The broadcast premiere of a French romance film about a couple who fall in love in the wake of a deadly 2015 terrorist attack in Paris, has been postponed after an online petition called for "respect" of victims and survivors.
Airing of Ce soir-là, or That Night, has been put on hold by the government-owned France 2 television network after the petition garnered 39,000 signatures. The online movement against the film was started by a woman who says she is the widow of a man who died at the Bataclan music hall along with 89 others on the night of Nov. 13, 2015.
"We need silence, modesty, dignity, respect ... and not a fiction," reads the petition. The film "hurts us," and "We are scandalized that such [a project] ... could see the light of day so soon after this violent event," it says.
A synopsis of the film provided to NPR by France 2 describes it as following the lives of a woman, Irene, who lives behind the Bataclan, and Karan, an Afghan man who fled Taliban rule 30 years prior.
After Irene and Karan help the wounded escape from the music hall attack, they come, the survivors are "eager to meet the strangers" that helped them. As the pair go "from meeting to meeting," they fall in love. However, the film questions whether the couple's love is "just an illusion, invented to compensate for the trauma they experienced together."
In a statement, the network says no release date was planned for Ce soir-là and that the channel's management has yet to view it. The project has been postponed while its producers consult groups representing the attack's victims, according to the statement.

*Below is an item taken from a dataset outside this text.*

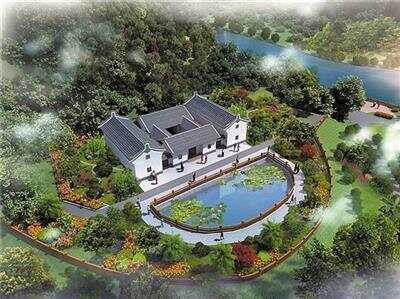 拆旧复垦后的岳潭村效果图,图中建筑物为红十一军成立时的军部旧址 |

In an interview with NPR, Isabelle Delecluse, a representative for the network, said filming on Ce soir-là wrapped on Thursday.
It is reportedly not the only fictional film in development that addresses the 2015 attacks in Paris. Violent Delights, a film that follows an American punk band, two painters and a young immigrant before and during the attack, began production this past summer, according to The Hollywood Reporter.
That film's American band was no doubt inspired by The Eagles Of Death Metal — the actual American rock band that was performing at the Bataclan when the attack took place. Nos Amis, a documentary for HBO directed by Colin Hanks, followed the band in the wake of the attack and as it geared up to return to France three months later. That film was also reportedly criticized by a family member of one victim.
This year there were two major attacks on music events, with a third reportedly foiled by police. The Manchester Arena bombing in May, timed to coincide with the conclusion of an Ariana Grande concert, killed 22 and wounded dozens more. The Route 91 Harvest Festival, which took place in Las Vegas in October took the lives of 58, becoming the deadliest mass shooting in modern American history. Between Manchester and Las Vegas, a concert in August at Rotterdam venue Maassilo was canceled following a police tip of an impending terror attack.
In the wake of Paris, Manchester and Las Vegas, security experts say there is no perfect plan that will protect each event; each of the three attacks were coordinated in site-specific ways. However, experts also urge increased cooperation between event security and local law enforcement as an important way to increase awareness.
"We want folks to come out, we want you to enjoy yourself," Austin Chief of Police Brian Manley told a news conference just ahead of the Texas city's Austin City Limits festival, scheduled to take place shortly after the Las Vegas shooting. But, he continued, "we live in a world now where you cannot protect against every single threat."